The United States isn't the only country it hopes to return to the moon. China is also working on future missions on lunar soil to compete with NASA's efforts. And now it is even developing an "artificial moon" to prepare for it.
Lunar gravity will be recreated in a laboratory. To be precise, this "artificial moon" will essentially be one vacuum chamber with strong magnetic field simulating low gravity environment.
The facility is expected to be built in the coming months, according to reports from the South China Morning Post. Once started, it will make "gravity go away," he says Li Ruilin, geotechnical engineer at China University of Mining and Technology.


Before you imagine yourself jumping happily, read here.
At present, no lunar trip, however. The problem is there (with the news that comes from China we must always investigate): the structure will have a diameter of "only" 60 centimeters. It's quite small, and there simply isn't enough room for a budding astronaut to test out a mission ahead of time.
The first version of this miniature lunar environment, however, will be large enough to test certain equipment and tools to see how they react to the Moon's low-gravity environment, smoothing out any knots before a real landing.

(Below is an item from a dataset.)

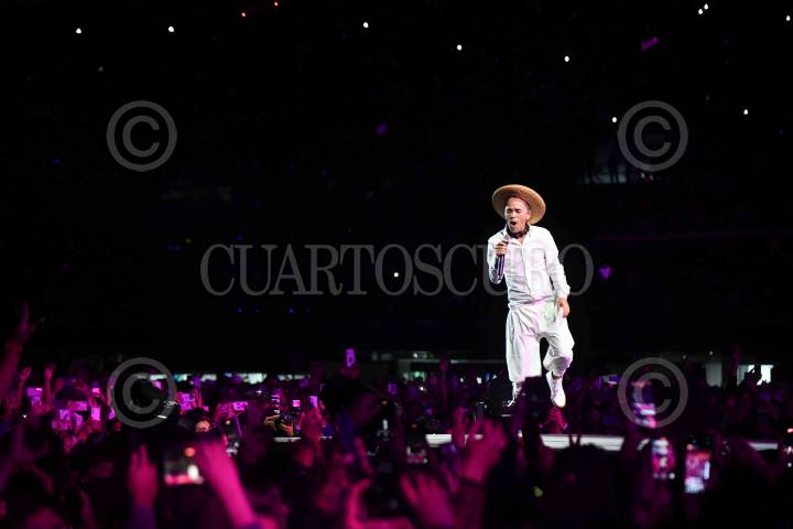 CIUDAD DE MÉXICO, 05DICIEMBRE2024.- Café Tacvba, banda mexicana de rock alternativo, durante su presentación está noche en el Estadio GNP Seguros como parte de su gira en conmemoración de sus 35 años de trayectoria. En la imagen, Rubén Albarrán, cantautor de la banda. FOTO: MARIO JASSO/CUARTOSCURO.COM

"Some experiments such as impact tests only take a few seconds in the simulator," says the researcher. "But others may take several days."
Mini lunar environment: thanks to a frog (and a Russian physicist)
The experiment was inspired by the studies of the Russian physicist Andrew Geim in 1997 in which he floated a frog on a magnet. An experiment that, although unusual, was valid enough to yield him the Nobel Prize in Physics.